Better GDAL in the Cloud (DotCloud, Round 2)
My previous attempts to make GDAL work in the cloud were sort of silly; compiling directly on the instance is sort of counter to the design of DotCloud, which lets you scale primarily by assuming that a ‘push’ to the server establishes all of the configuration you’ll need. (sshing into the machine is certainly possible, but it seems it is designed more for debugging than it is for active work.)
So, with a few suggestions from the folks in #dotcloud, I started exploring how to set up my dotcloud service in a bit more of a repeatable way — such that if I theoretically needed to scale, I could do it more easily. Rather than manually installing packages on the host, I moved all of that configuration into a ‘postinstall’ file — fenceposted so it runs only once.
After a bit of experimentation (and reporting a bug in GDAL), I was able to get a repeatable installation going; this means that I no longer have any manual steps in creating and setting up a new service doing OpenAerialMap thumbnailing; in fact, the entire process — right down to setting up redis as a distributed cache — can now be completed automatically.
The postinstall is pretty simple: download and configure, then install, curl; Download and configure, then install, GDAL. In both cases, use the respective -config tool as a fencepost so we don’t install multiple times.
Once this is done, setting up a new deployment with the appropriate services is trivial: that’s outlined in setup.sh — configure a redis service, grab the config information, and deploy a wsgi service using that config and the rest of the code.
In fact, while I was writing this post, I followed that very set of instructions, running ‘./setup.sh openaerialmap’ — before I finished the post, I had a running www.openaerialmap.dotcloud.com instance, which I could then commit in place of the silly-named ‘pepperoni’ service that oam.osgeo.org was using before.
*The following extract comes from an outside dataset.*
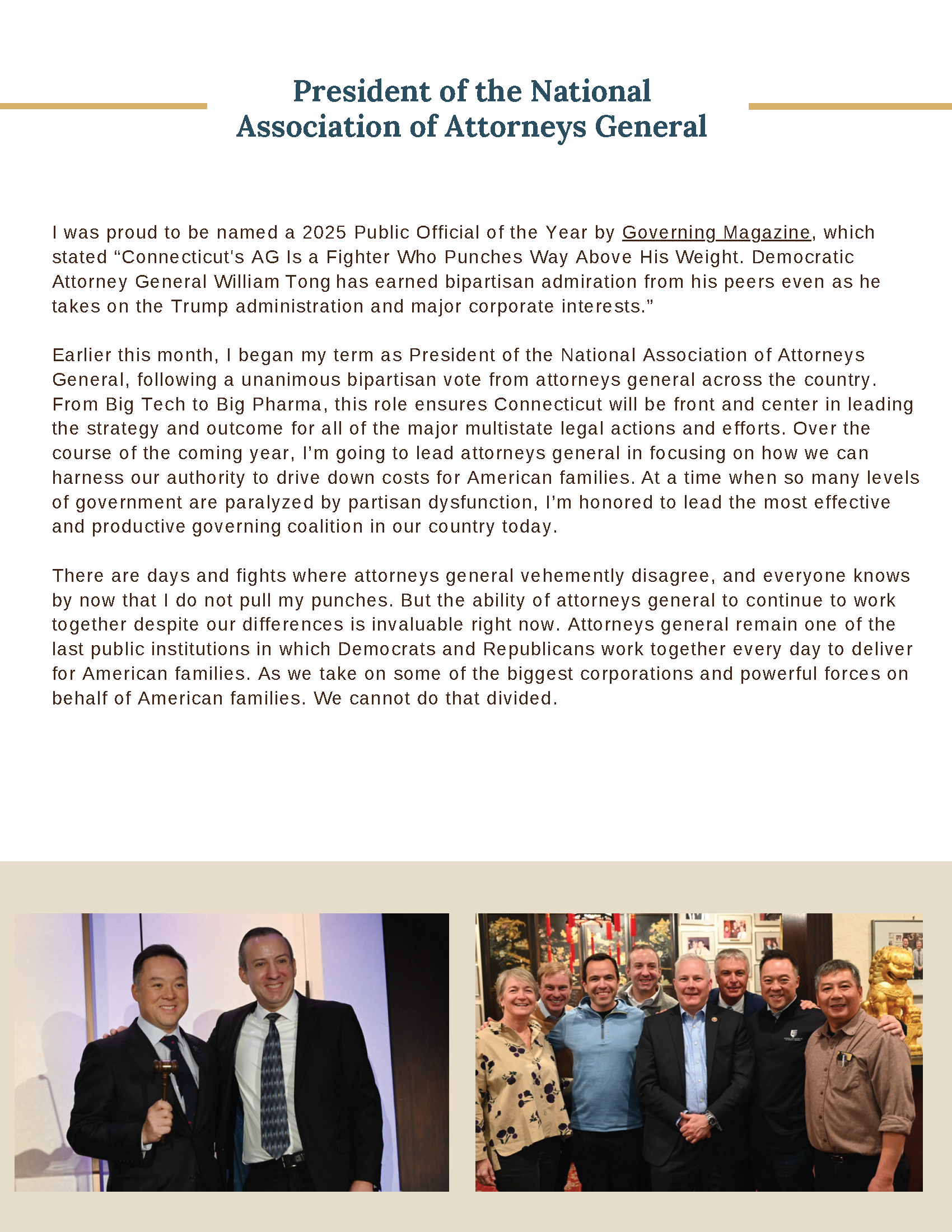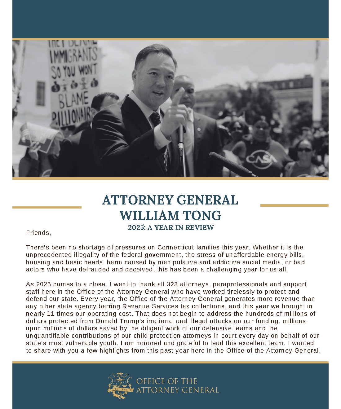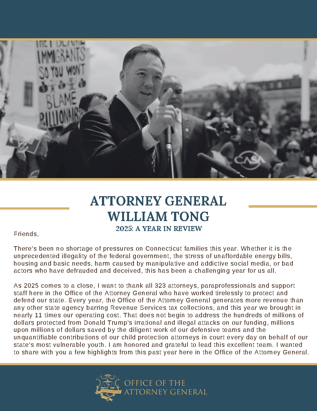 A Message from Attorney General William Tong: 2025 A Year in Review

The big thing for me about these one-off deployments is that by making available better tools for doing iterative deployment, they allow me to be more disciplined in how I configure services. Normally, the act of installing GDAL or curl is a one-time event: without reformatting my system (or setting up a VM and reinstalling/rolling back every time), it’s non-trivial to test what happens on a fresh system. With DotCloud, deploying another service literally takes seconds — and when I do, it’s a green field, ready for me to test my deployment scripts all over again. No more mistakes in one-off apt-get install commands that I’ll never remember if my system goes down. Now, I’ve got the ability to script deployments of software.
This is of course possible with EC2 directly as well — building custom AMIs, redeploying them, etc. For me, though, DotCloud took the pain out of having to do such a thing. They did the hard part for me — and I got to do the more interesting and fun parts.